• Records:
______
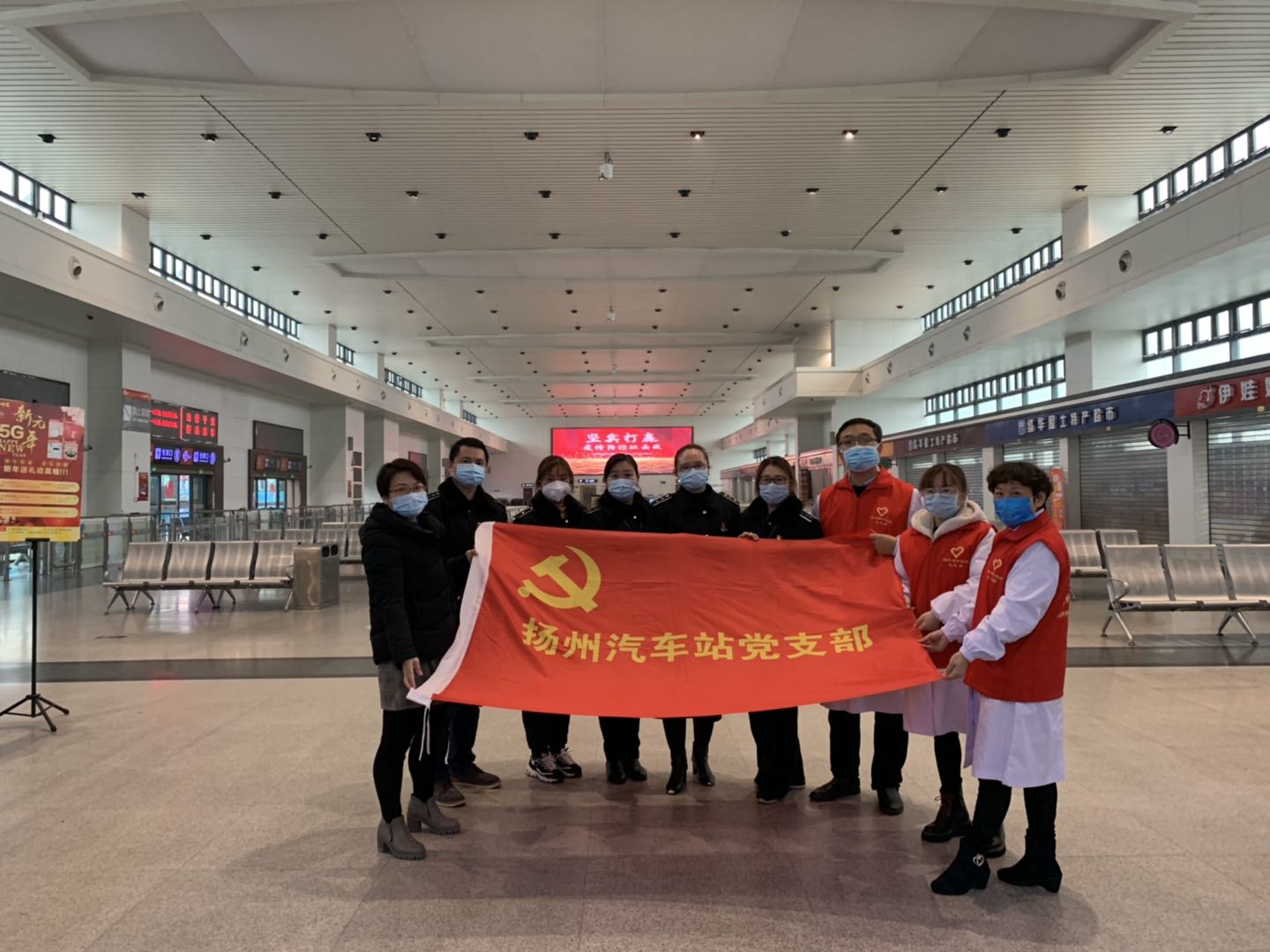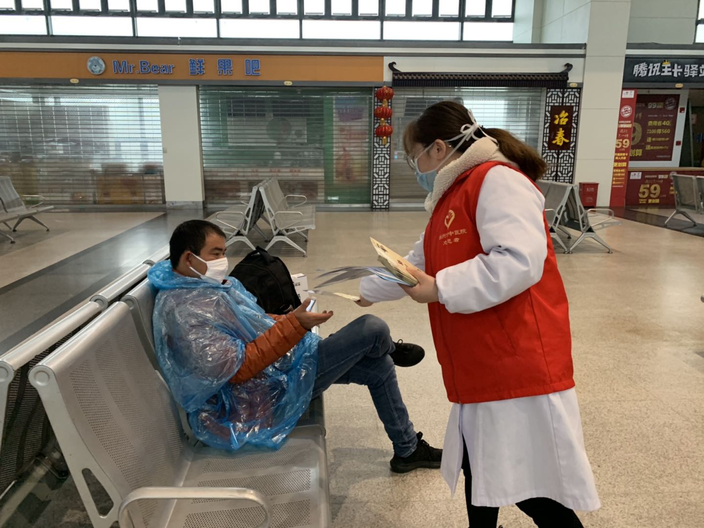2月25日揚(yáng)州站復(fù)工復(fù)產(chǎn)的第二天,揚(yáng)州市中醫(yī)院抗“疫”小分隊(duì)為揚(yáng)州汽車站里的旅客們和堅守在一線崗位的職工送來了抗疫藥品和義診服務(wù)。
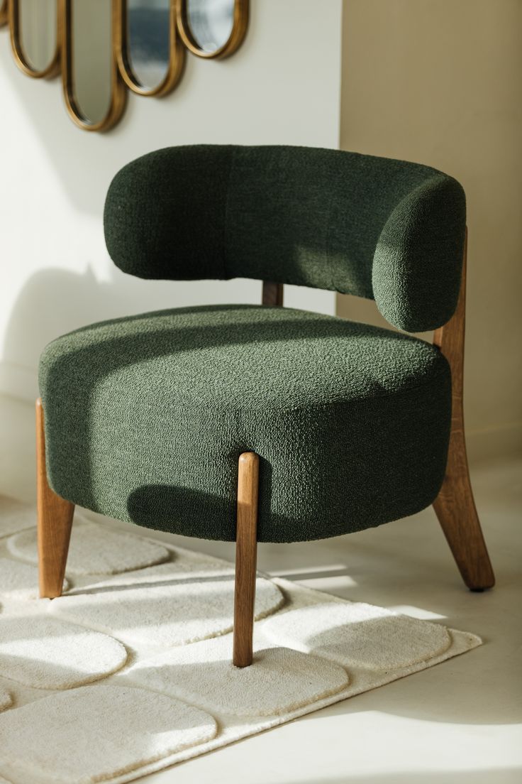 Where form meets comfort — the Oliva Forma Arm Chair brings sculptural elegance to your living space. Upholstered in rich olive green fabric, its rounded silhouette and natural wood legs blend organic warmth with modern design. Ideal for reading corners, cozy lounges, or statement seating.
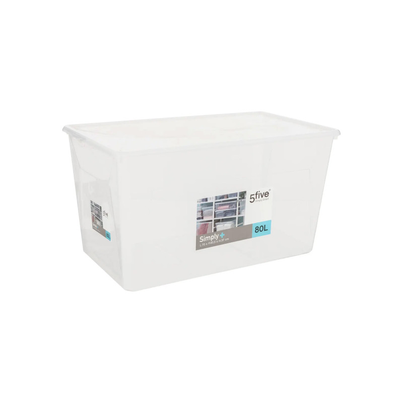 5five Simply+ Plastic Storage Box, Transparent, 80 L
______
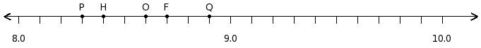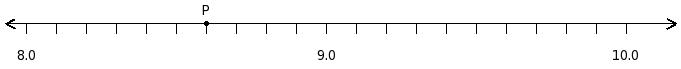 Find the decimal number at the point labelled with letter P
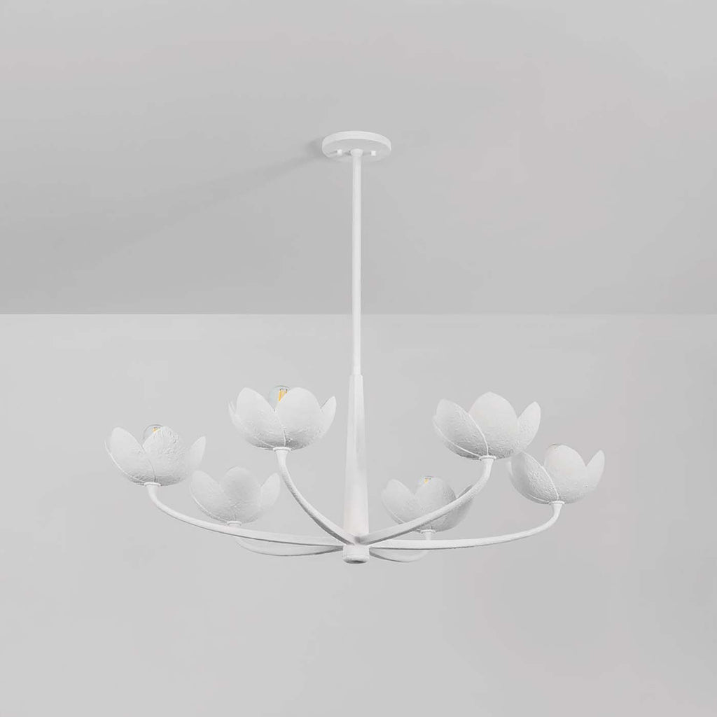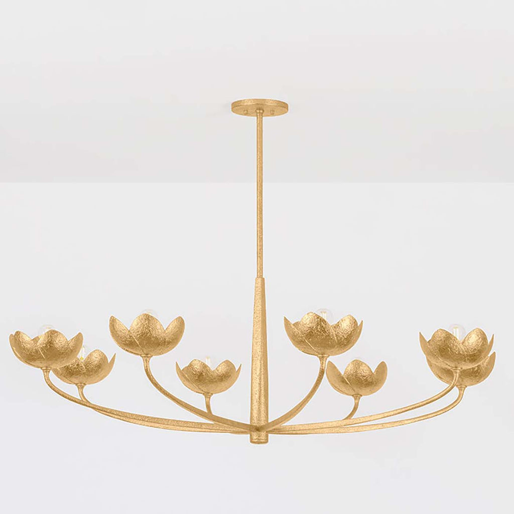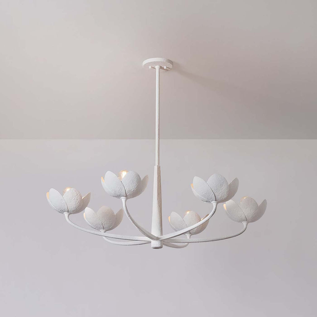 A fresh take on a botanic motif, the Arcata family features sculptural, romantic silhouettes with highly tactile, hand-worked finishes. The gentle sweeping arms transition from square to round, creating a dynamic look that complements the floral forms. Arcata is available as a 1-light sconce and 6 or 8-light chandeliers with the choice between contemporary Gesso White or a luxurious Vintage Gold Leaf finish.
______
• What you have to do: Taking the records above, print only and exactly the lines from the line with "2月25日揚(yáng)州站" to the line with "5five Simply+ Plastic", both kept, and exclude pictures.

• Output:
2月25日揚(yáng)州站復(fù)工復(fù)產(chǎn)的第二天,揚(yáng)州市中醫(yī)院抗“疫”小分隊(duì)為揚(yáng)州汽車站里的旅客們和堅守在一線崗位的職工送來了抗疫藥品和義診服務(wù)。
 Where form meets comfort — the Oliva Forma Arm Chair brings sculptural elegance to your living space. Upholstered in rich olive green fabric, its rounded silhouette and natural wood legs blend organic warmth with modern design. Ideal for reading corners, cozy lounges, or statement seating.
 5five Simply+ Plastic Storage Box, Transparent, 80 L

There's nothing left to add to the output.